◆ **Data to examine**:

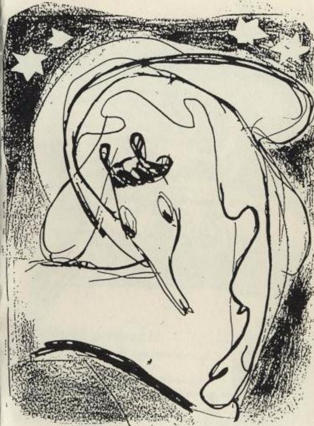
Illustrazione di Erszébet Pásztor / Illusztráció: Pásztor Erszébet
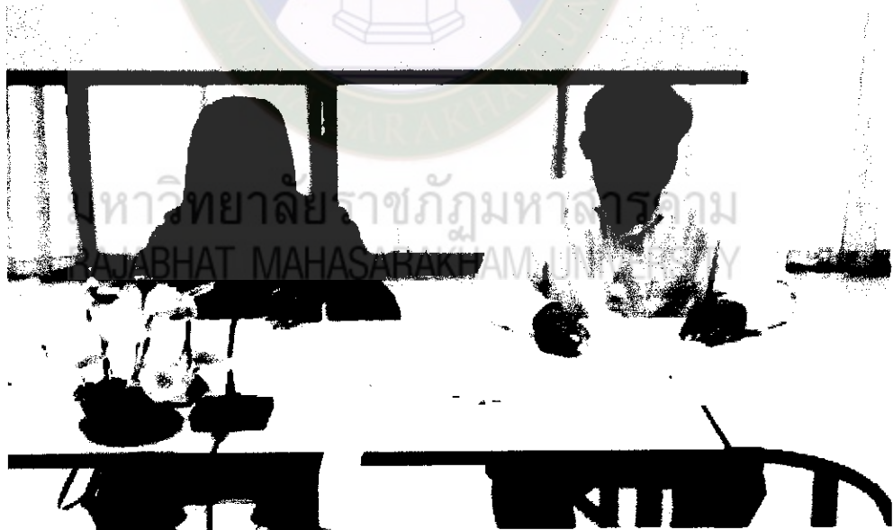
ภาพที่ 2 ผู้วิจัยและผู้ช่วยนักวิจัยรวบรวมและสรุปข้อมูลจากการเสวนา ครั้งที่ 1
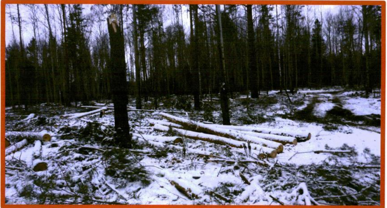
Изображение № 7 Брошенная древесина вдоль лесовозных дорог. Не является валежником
--
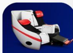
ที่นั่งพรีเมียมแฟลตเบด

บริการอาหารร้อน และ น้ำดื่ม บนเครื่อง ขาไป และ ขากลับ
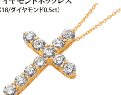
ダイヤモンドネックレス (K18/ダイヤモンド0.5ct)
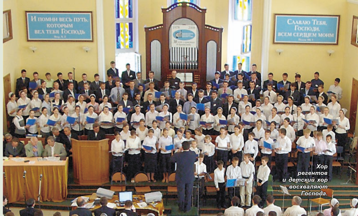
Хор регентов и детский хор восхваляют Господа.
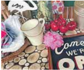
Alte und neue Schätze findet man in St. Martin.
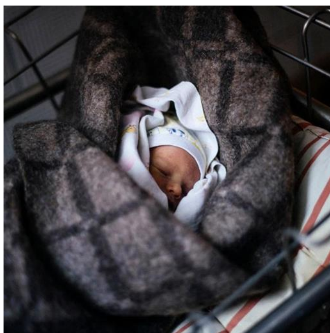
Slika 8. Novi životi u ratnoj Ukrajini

◆ **Task requirements**:
In the listing above, the required lines run from the line with "Illustrazione di Erszébet" through the line with "Изображение № 7". Output exactly those lines, omitting pictures.

◆ **Solution**:
Illustrazione di Erszébet Pásztor / Illusztráció: Pásztor Erszébet
ภาพที่ 2 ผู้วิจัยและผู้ช่วยนักวิจัยรวบรวมและสรุปข้อมูลจากการเสวนา ครั้งที่ 1
Изображение № 7 Брошенная древесина вдоль лесовозных дорог. Не является валежником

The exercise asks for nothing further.